--- Aim of the task ---
The line with "Peddapuram (11 km)" marks the first line to copy, and the line with "Imparo a... ricavare" marks the last. Transcribe that stretch of the data below exactly, without pictures.

--- Entries shown ---
--

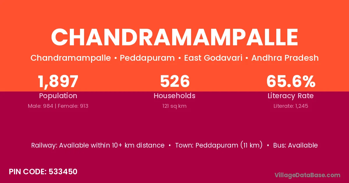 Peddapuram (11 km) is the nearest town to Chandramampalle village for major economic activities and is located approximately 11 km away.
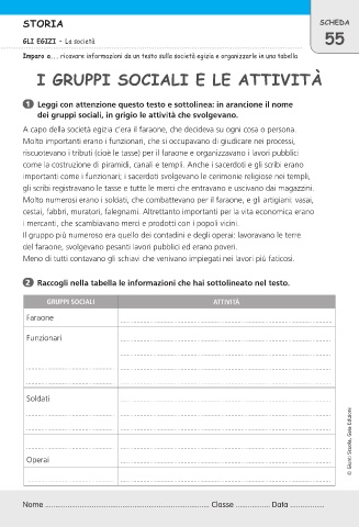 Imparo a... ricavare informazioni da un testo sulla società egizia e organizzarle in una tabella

--

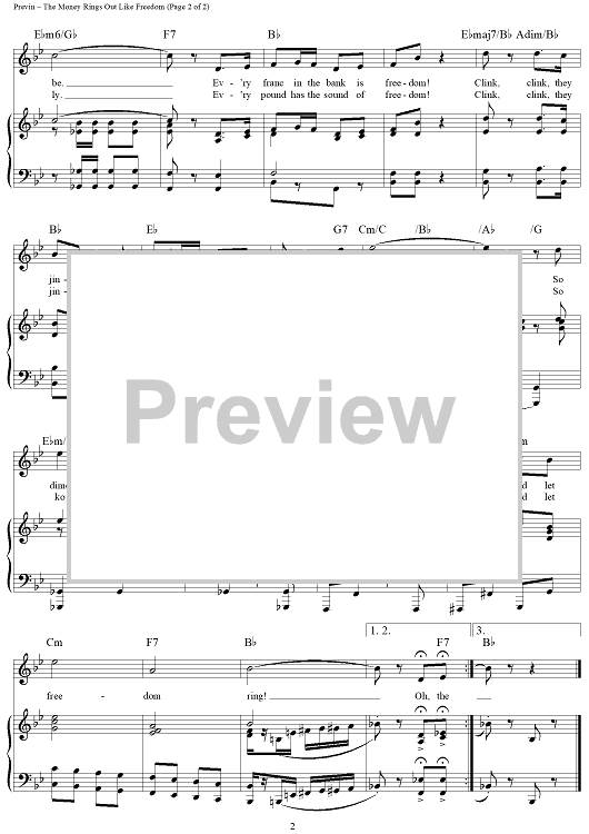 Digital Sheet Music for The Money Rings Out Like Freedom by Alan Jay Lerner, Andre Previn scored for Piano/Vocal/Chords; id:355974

--

--- Written response ---
 Peddapuram (11 km) is the nearest town to Chandramampalle village for major economic activities and is located approximately 11 km away.
 Imparo a... ricavare informazioni da un testo sulla società egizia e organizzarle in una tabella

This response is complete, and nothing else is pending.